# Rear brake light strip fix



## Patrizio72 (Mar 22, 2011)

I recently noticed two of the led bulbs have blown on my brake light strip, can they be individually replaced or does the whole strip need replacing?


----------



## Hoggy (May 8, 2002)

Hi, According to other MK2 owners,whole strip has to be replaced.
Hoggy.


----------



## Patrizio72 (Mar 22, 2011)

Ok, maybe I will wait for a few more bulbs to blow first lol


----------



## igotone (Mar 10, 2010)

Yep - it's complete new unit. Easy fix though and i don't think it's too expensive (assuming Audi don't cover it.)


----------



## Bucks85th (Apr 27, 2009)

Hi Patrizio,

Yes, it does indeed require a full unit replacement. It happened on my last TTS and was replaced under warranty. If you're not under warranty, it's not expensive (~£150 I think, but that's just from memory so don't hold me to that!) and is pretty easy to fit as Igotone said.

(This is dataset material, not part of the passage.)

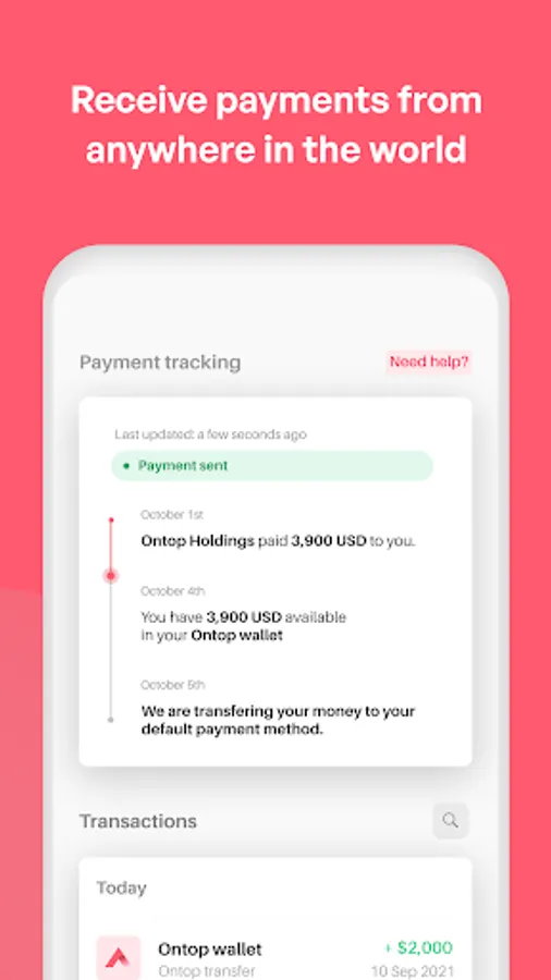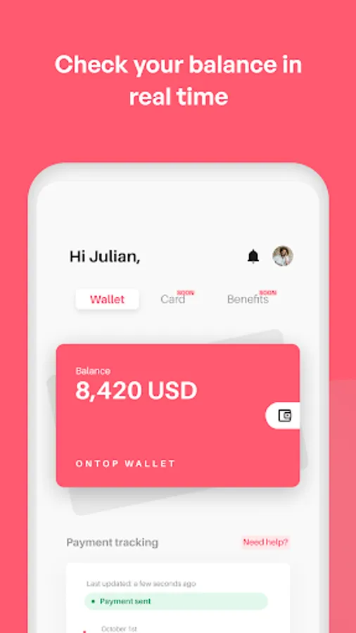 Get full control of your paychecks with a few taps. Ontop allows you to receive your paycheck no matter where you are in the world, send it to multiple accounts or simply spend it with our Card.

Sent from my iPad using Tapatalk


----------



## TT-driver (Sep 14, 2010)

Check with your Audi dealer. The unit may be subject to a recall:










Thanks CraigW for posting this picture. 

Partnumber 8J0945097. Price: around 60 euro.


----------



## Patrizio72 (Mar 22, 2011)

That's great, will ask the stealers about it


----------



## cheechy (Nov 8, 2006)

I asked for my car and it wasn't covered so I bought and replaced last weekend. Sounds to me though like these only have a very limited lifespan before failure as there seems to be a large amount of failures.

Around 45 pounds fir the unit and 20 minutes to do.


----------



## Patrizio72 (Mar 22, 2011)

Anyone put a guide to install up at all?


----------



## TT-driver (Sep 14, 2010)

See here:

viewtopic.php?f=19&t=627026&start=16


----------



## Patrizio72 (Mar 22, 2011)

Cheers


----------



## Monkey Hanger (Sep 29, 2012)

Got mine replaced FOC on an Audi recall, so worth a try.


----------



## jamespheely (Feb 9, 2014)

Monkey Hanger said:


> Got mine replaced FOC on an Audi recall, so worth a try.


Hi do you know the cars impacted by the recall? Is it a certain year?

Thanks


----------



## cheechy (Nov 8, 2006)

Seems to be pot luck. I was asked and told there was nothing against my car for it so had to buy and fit.

No harm in asking.


----------



## Monkey Hanger (Sep 29, 2012)

jamespheely said:


> Monkey Hanger said:
> 
> 
> > Got mine replaced FOC on an Audi recall, so worth a try.
> ...


Hi I understood it was all TT,s. ,mine is a 2009 TDI and Audi replaced it with no problem approx. 6 months ago.
I was going to buy one but read a post on here by someone who said they has theirs replaced FOC so thought I would try.


----------



## Patrizio72 (Mar 22, 2011)

The big question is how long does a new one last before the LED lights start popping?


----------



## CraigW (Mar 19, 2009)

I have no idea. I got shot of mine before it went again. God, I miss my TT


----------



## Patrizio72 (Mar 22, 2011)

Will be a very sad day when I say goodbye to mine, probably end of this year


----------



## Patrizio72 (Mar 22, 2011)

Got the part delivered from Germany £45 getting it fitted next week when my oil change is being done, can't be arsed with dealing with the stealers


----------